If everyone has inventory & management tools, I'd be rolling out some floss Office software onto every desktop, even if it wasn't given the file associations. It would be worth the disk-space to have it rolled out, just for MS-license negotiation time. You don't need to go the whole way with a linux migration, just threaten to slaughter the Office cash-cow. Pair it with google mail and calendars and
Its one reason I use linux at home - the proprietary stuff is just too hard and its too expensive. I've got six physical desktops/laptops and servers. I couldn't afford to be an honest MS customer and quite frankly, I don't have the time or the inclination to manage it.

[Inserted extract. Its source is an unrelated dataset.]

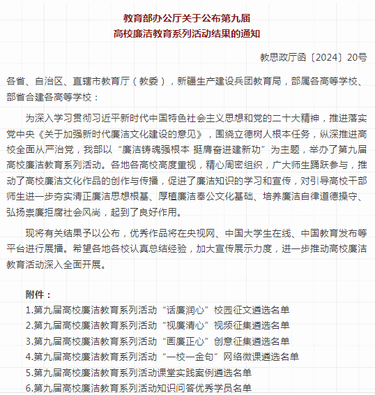 第九届高校廉洁教育系列活动以“廉洁铸魂强根本 挺膺奋进建新功”为主题,由教育部思想政治工作司主办,本次活动分为“话廉润心”校园征文、“视廉清心”视频征集、“画廉正心”创意征集、“一校一金句”网络微课及课堂实践案例5个系列,每个系列遴选优秀作品100件。
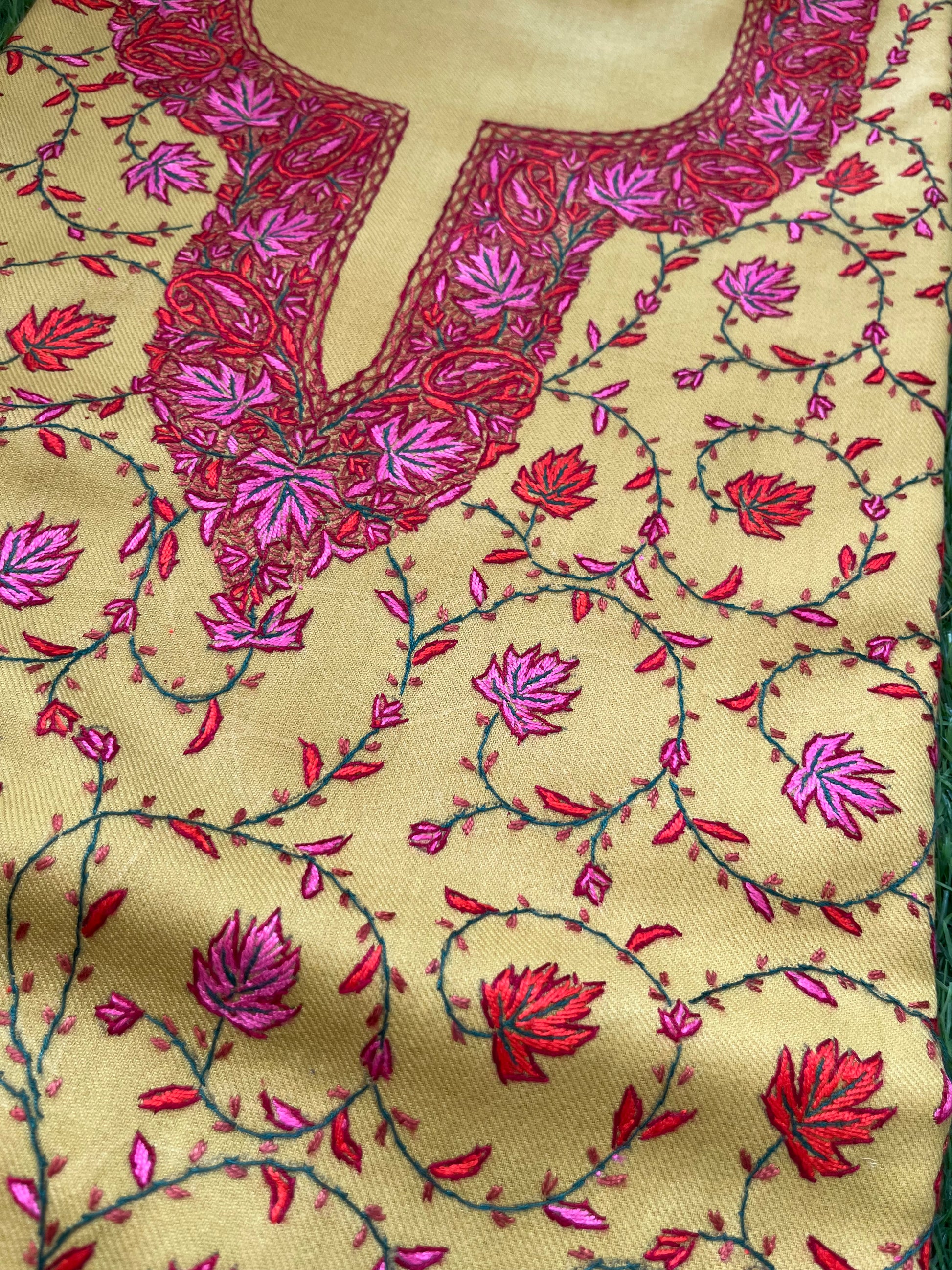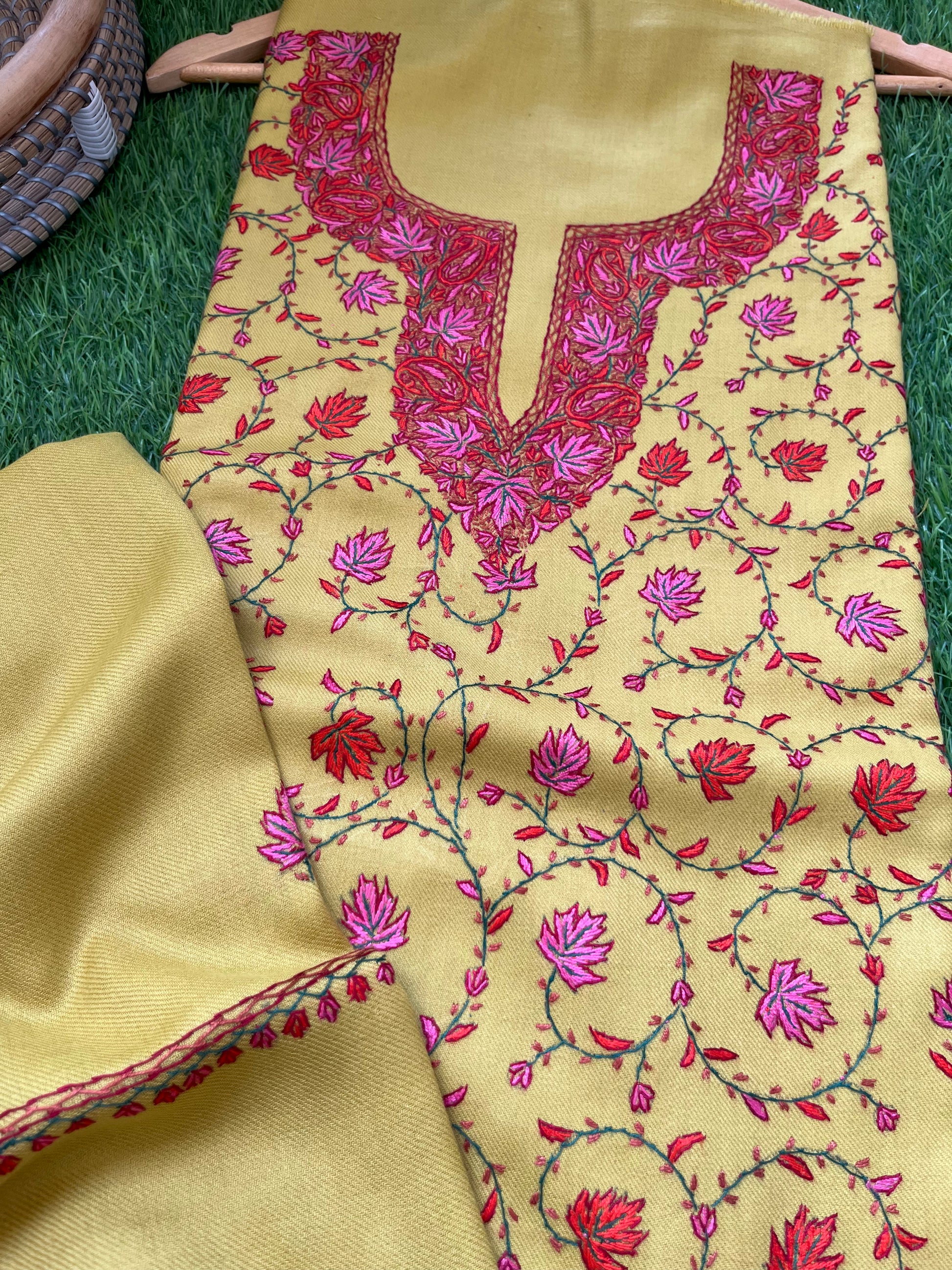 Woollen hand embroidered kurta bottom fabric and a stole set

Give me back the days of "you may have one execution of this software at a time per license, on any hardware."
The only reason we still use a lot of Microsoft software is because they give education very cheap licensing, the price businesses have to pay is eye watering, add on top the OS refresh cycles Microsoft push businesses through when all they want is for the applications to run i don't know why more have not moved away. Im guessing they must all be running excel spreadsheets covered in VB code or custom IE6 dependent applications.
Also, it means users will be forced to begin implementing near continuous monitoring of device and license use, an administrative headache.
We already do this, we got sick and tired of Finance having a go at IT on the one hand and Managers asking for software to be installed "because we have a project for the CEO'
So with SCCM we run a bi-monthly report on installed M$ apps - luckily we only have 125 users or thereabouts - and a copy is sent to each department manager and the CEO.
We got the CEO on board because we scared the life out of him, with this little quote from the BSA:
"Fines up to $467,500 and/or up to five years imprisonment for companies."
The wording used to be five years imprisonment for directors. It's been a huge win for us, we regularly had managers requesting M$ Project, which is probably their most expensive Office application, we went from 60 installs down to 12.